For an example solution of an assertion that should span the entire string
see this question XML schema restriction pattern for not allowing specific string
edit : As pointed out in a comment, use (..)
instead of (?:..)
if that is the only
supported construct.
Changed !
This series (?!Acme)\S+\.
can be replaced with this large series :
([^A]\S*|A([^c.]\S*)?|Ac([^m.]\S*)?|Acm([^e.]\S*)?)\.
which is bigger but should cover all cases and makes the regex now :
urn:mystuff:v1:(ABC\.([^A]\S*|A([^c.]\S*)?|Ac([^m.]\S*)?|Acm([^e.]\S*)?)\.\S+\.a\d+\.v\d+|ABC\.Acme\.\S+\.a\d+\.\d+\.\d+)
https://regex101.com/r/qXv9HU/2
Expanded
urn:mystuff:v1:
( # (1 start)
ABC \.
( # (2 start)
[^A] \S*
| A
( [^c.] \S* )? # (3)
| Ac
( [^m.] \S* )? # (4)
| Acm
( [^e.] \S* )? # (5)
) # (2 end)
\.
\S+ \. a \d+ \. v \d+
|
ABC \. Acme \. \S+ \. a \d+ \. \d+ \. \d+
) # (1 end)
回答2:
XSD has a particular definition of what it accepts in regular expression, and it rather more restrictive than many other regular expression dialects. I think the intention of the designers was to use a "common subset" of popular regex dialects so that it could be easily implemented on any platform. You are using constructs like (?! ... )
and (?: ... )
that aren't defined in this subset. So is the answer from @x15, unfortunately.
Telling you why your attempt isn't working is easy, finding an alternative that does work is harder. I would go for the easy option which is to use an XSD 1.1 assertion like test="matches($value, XX) or matches($value, YY) and not(matches($value, ZZ))"
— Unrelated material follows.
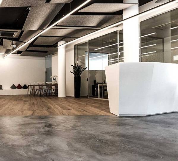 Die Raumplanung ist hervorragend, so dass jeder Bereich des Büros optimal genutzt wird. Die Farbe und das Materialkonzept sind sehr harmonisch und geschmackvoll, mit einem Schwerpunkt auf natürlichen Farbtönen und Materialien wie Holz und Beton. Der Design Betonboden und der Fußboden in Betonoptik sind ein echter Hingucker und verleihen dem Büro eine moderne und zeitgemäße Atmosphäre.

. A solution using pure XSD 1.0 might be possible, but I can't immediately see it.
回答3:
The simplest way would be to exploit this rule in the XML Schem specification:
If multiple element information items appear as children of a
<simpleType>
, the values should be combined as if they appeared in a single regular expression as separate branches. Note: It is a consequence of the schema representation constraint Multiple patterns (§4.3.4.3) and of the rules for restriction that pattern facets specified on the same step in a type derivation are ORed together, while pattern facets specified on different steps of a type derivation are ANDed together.
Instead of trying to match both allowed patterns with a single regex, specify two separate pattern facets. That would also extend more naturally if a third, fourth URN pattern is required.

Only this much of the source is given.